Michael Jordan made an appearance in a federal courtroom in North Carolina while the lead attorney for his racing team kicked off a trial against NASCAR, arguing the organization is a monopolistic bully tightly controlled by a wealthy family that harms competition in the top tier of the sport though restrictive contracts.
“They are the only purchaser of racing team services,” Jeffrey Kessler, a partner with Winston & Strawn LLP who represents Jordan’s team and another team plaintiff, Front Row Motorsports Inc., told the jurors seated Monday in the US District Court for the Western District of North Carolina.
The evidence will show that the teams “are getting a deal that is much lower than they would be getting if there was competition,” he said.
NASCAR’s counsel fired back, arguing that the organization’s charter system for guaranteeing lucrative spots in the Cup Series maintains stability and enormous financial opportunity for teams such as Jordan’s 23XI Racing.
“I think Mr. Kessler left you with the impression that NASCAR just dropped an agreement on the teams and said ‘sign by midnight,’” said John E. Stephenson Jr., a partner with Alston & Bird LLP who represents NASCAR. “There were some 70 meetings. This thing was exhaustively negotiated.”
Both parties sparred for hours, kicking off a trial that’s expected to last at least two weeks.
Jordan sat in the Charlotte courtroom near driver Denny Hamlin, co-owner of 23XI, watching the attorneys present to nine jurors.

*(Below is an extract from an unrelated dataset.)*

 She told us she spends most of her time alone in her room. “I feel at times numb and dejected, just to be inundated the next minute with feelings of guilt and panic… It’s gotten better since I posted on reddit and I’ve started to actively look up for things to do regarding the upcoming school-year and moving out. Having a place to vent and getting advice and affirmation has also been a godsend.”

Before opening statements, Judge Kenneth D. Bell broadly quizzed potential jurors, about their hobbies and whether they had strong feelings about NASCAR or were fans of Jordan and his basketball alma mater, UNC-Chapel Hill. One juror was dismissed for his self-professed admiration of Jordan.
The outcome of the trial could have profound implications on NASCAR, which is facing potential damages and injunctive relief that could reshape its charter system.

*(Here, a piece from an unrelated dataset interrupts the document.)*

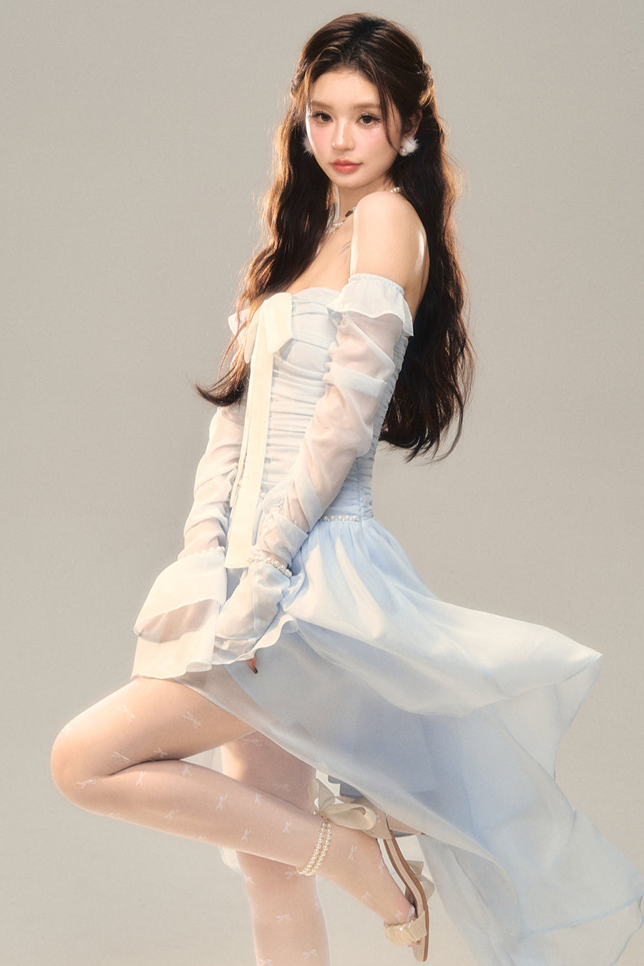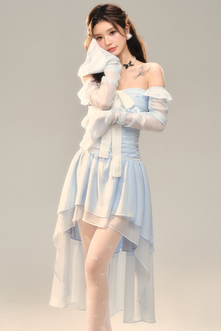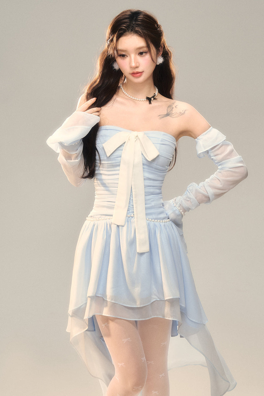 Blau-weißes Old School Lolita Fashion Kleid mit Schleife und Details, JSK-Set

Jordan’s team and Front Row sued NASCAR in October 2024, claiming it forces teams to accept restrictive terms or give up participating in premier stock car racing. NASCAR is the sanctioning body for three national series for stock car racing in the US, including the Cup Series, the NASCAR Xfinity Series, and the lower tier Craftsman Truck Series.
The team plaintiffs refused to sign renewed charter agreements, alleging instead that NASCAR is the gatekeeper to the Cup Series and holds monopsony—single-buyer—power for the market for premier stock car racing teams, with control over prices and terms.
“What the evidence will show is that NASCAR, the whole kit and caboodle, is owned by the France family,” Kessler argued, referring to the family that has run the racing organization since 1948. “They make decisions and run it frankly for their benefit.”
Kessler also argued that NASCAR exercised its monopoly power by acquiring other racing circuits and racetracks that restrict their availability to competitors. “They tied up all the tracks you need,” he told the jurors.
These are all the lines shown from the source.